20240046918. MEANING INFERENCE FROM SPEECH AUDIO simplified abstract (SOUNDHOUND AI IP, LLC)

From WikiPatents
Jump to navigation Jump to search

MEANING INFERENCE FROM SPEECH AUDIO

Organization Name

SOUNDHOUND AI IP, LLC

Inventor(s)

Sudharsan Krishnaswamy of San Jose CA (US)

Maisy Wieman of Boulder CO (US)

Jonah Probell of Alviso CA (US)

MEANING INFERENCE FROM SPEECH AUDIO - A simplified explanation of the abstract

This abstract first appeared for US patent application 20240046918 titled 'MEANING INFERENCE FROM SPEECH AUDIO

Simplified Explanation

The patent application describes a system and method for invoking actions by a virtual assistant based on various probabilities inferred from audio input. These probabilities include the probability of an intent, the probability of a domain, and the probability of variable values.

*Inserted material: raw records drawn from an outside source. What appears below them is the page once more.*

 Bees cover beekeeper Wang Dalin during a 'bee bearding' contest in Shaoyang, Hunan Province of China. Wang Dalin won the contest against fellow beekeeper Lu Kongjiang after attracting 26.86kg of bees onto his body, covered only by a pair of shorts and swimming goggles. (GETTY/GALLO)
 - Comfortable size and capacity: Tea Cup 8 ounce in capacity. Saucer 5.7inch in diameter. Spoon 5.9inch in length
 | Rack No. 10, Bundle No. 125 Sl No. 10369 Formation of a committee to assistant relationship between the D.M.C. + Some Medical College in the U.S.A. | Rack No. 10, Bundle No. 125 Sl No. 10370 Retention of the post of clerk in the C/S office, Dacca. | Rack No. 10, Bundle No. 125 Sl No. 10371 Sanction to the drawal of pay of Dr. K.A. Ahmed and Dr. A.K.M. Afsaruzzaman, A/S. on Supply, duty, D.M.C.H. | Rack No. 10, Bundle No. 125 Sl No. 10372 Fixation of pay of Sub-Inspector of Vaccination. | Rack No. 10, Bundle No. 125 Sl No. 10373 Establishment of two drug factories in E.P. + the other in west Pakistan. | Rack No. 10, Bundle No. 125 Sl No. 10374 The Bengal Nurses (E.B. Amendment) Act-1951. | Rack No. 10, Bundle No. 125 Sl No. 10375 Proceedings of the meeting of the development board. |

The action is invoked when the intent probability exceeds a threshold, or when the domain probability, variable value probability, end of utterance detection, or a specific amount of time elapsed condition is met. The intent probability can increase when the audio includes speech of words with the same meaning in multiple languages. The action invocation can also be conditional on the variable value exceeding its threshold within a certain period of time after the intent probability exceeds its threshold.

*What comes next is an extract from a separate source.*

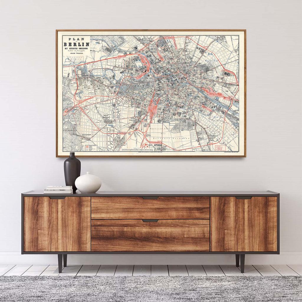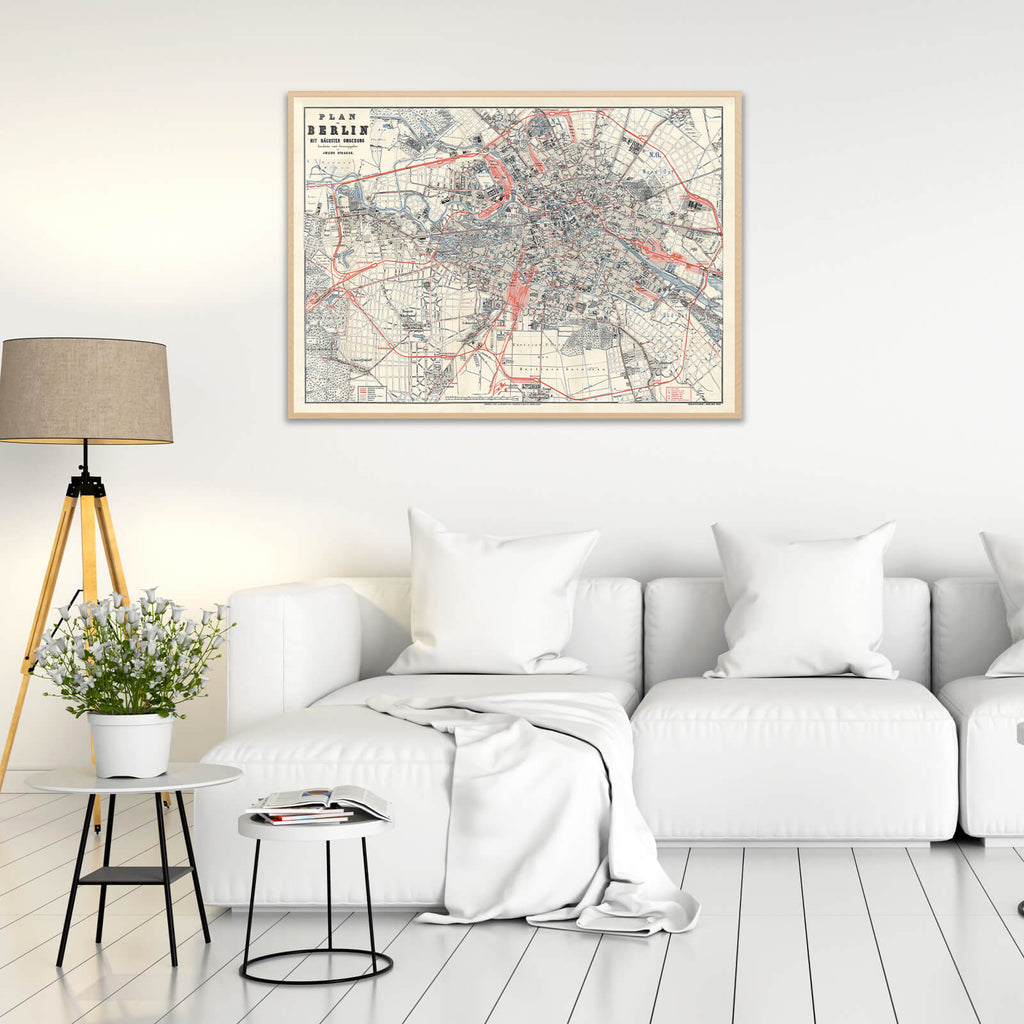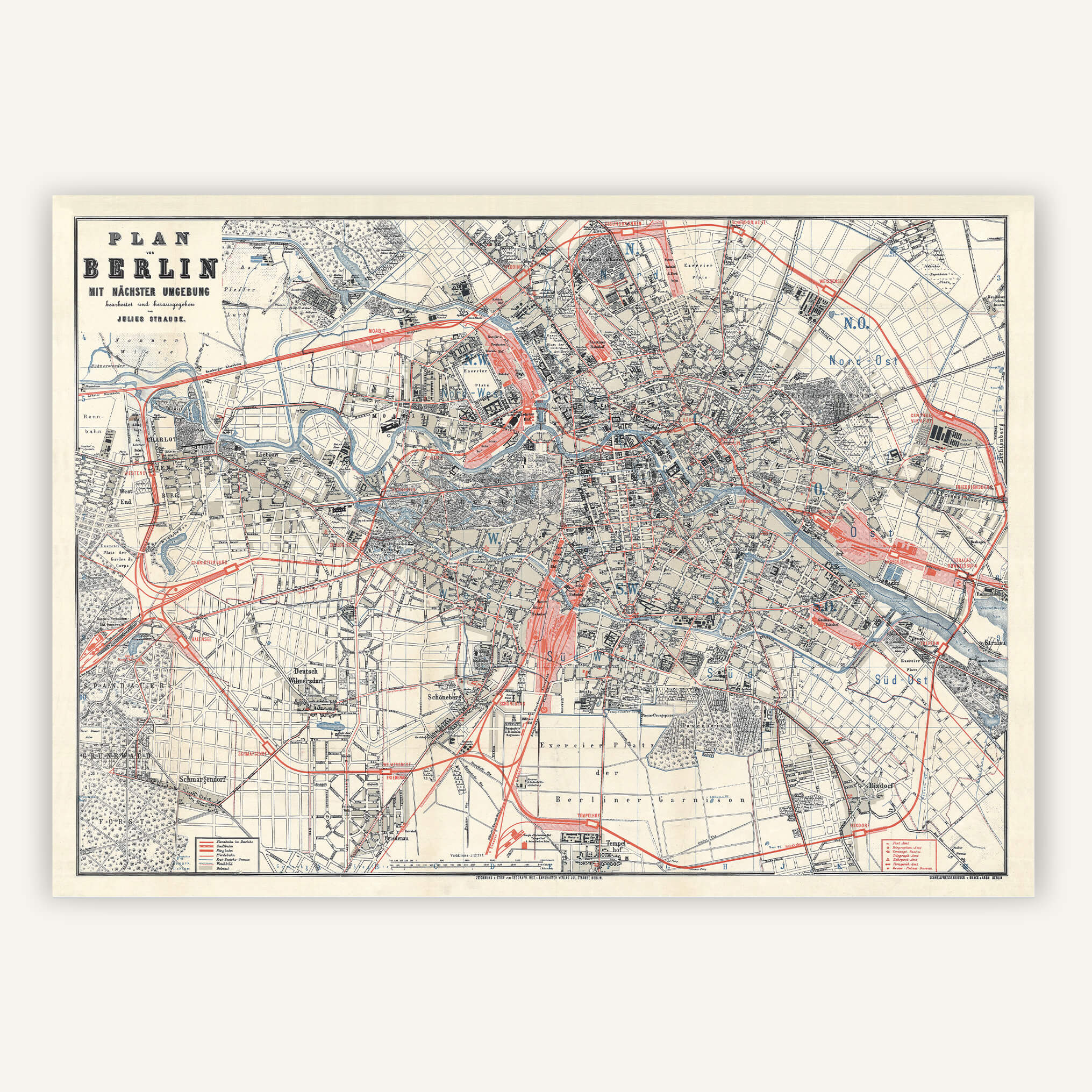 Cette carte vintage de Berlin nous livre en un coup d'oeil l'étendue de la ville et ses zones de concentration en 1890. Elle nous offre un côté très graphique de la ville, notamment à travers ses principales gares colorées en rouge.

  • The system and method enable a virtual assistant to perform actions based on inferred probabilities from audio input.
  • Actions are invoked when the probability of an intent, domain, or variable value exceeds a threshold.
  • The system considers factors such as end of utterance detection and elapsed time to determine when to invoke the action.
  • The intent probability can increase when the audio includes speech of words with the same meaning in multiple languages.
  • The action invocation can be conditional on the variable value exceeding its threshold within a certain period of time after the intent probability exceeds its threshold.

Potential Applications

  • Voice-controlled virtual assistants in various domains such as smart homes, customer service, and personal assistants.
  • Multilingual virtual assistants that can understand and respond to speech in multiple languages.
  • Automated systems for performing tasks based on user intents and preferences.

Problems Solved

  • Improved accuracy and efficiency in invoking actions by virtual assistants.
  • Enhanced understanding of user intents and preferences through probabilistic inference.
  • Addressing the challenge of multilingual speech recognition and understanding.

Benefits

  • Increased user satisfaction by accurately understanding and responding to user intents.
  • Time-saving and convenience through automated actions performed by virtual assistants.
  • Improved user experience with multilingual support and understanding.

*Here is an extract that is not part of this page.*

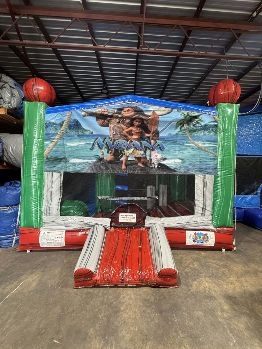 Features: Bounce area, inflated wall, inflated obstacles, stair climb, tall slide and basketball ring*.

Original Abstract Submitted

a system and method invoke virtual assistant action, which may comprise an argument. from audio, a probability of an intent is inferred. a probability of a domain and a plurality of variable values may also be inferred. invoking the action is in response to the intent probability exceeding a threshold. invoking the action may also be in response to the domain probability exceeding a threshold, a variable value probability exceeding a threshold, detecting an end of utterance, and a specific amount of time having elapsed. the intent probability may increase when the audio includes speech of words with the same meaning in multiple natural languages. invoking the action may also be conditional on the variable value exceeding its threshold within a certain period of time of the intent probability exceeding its threshold.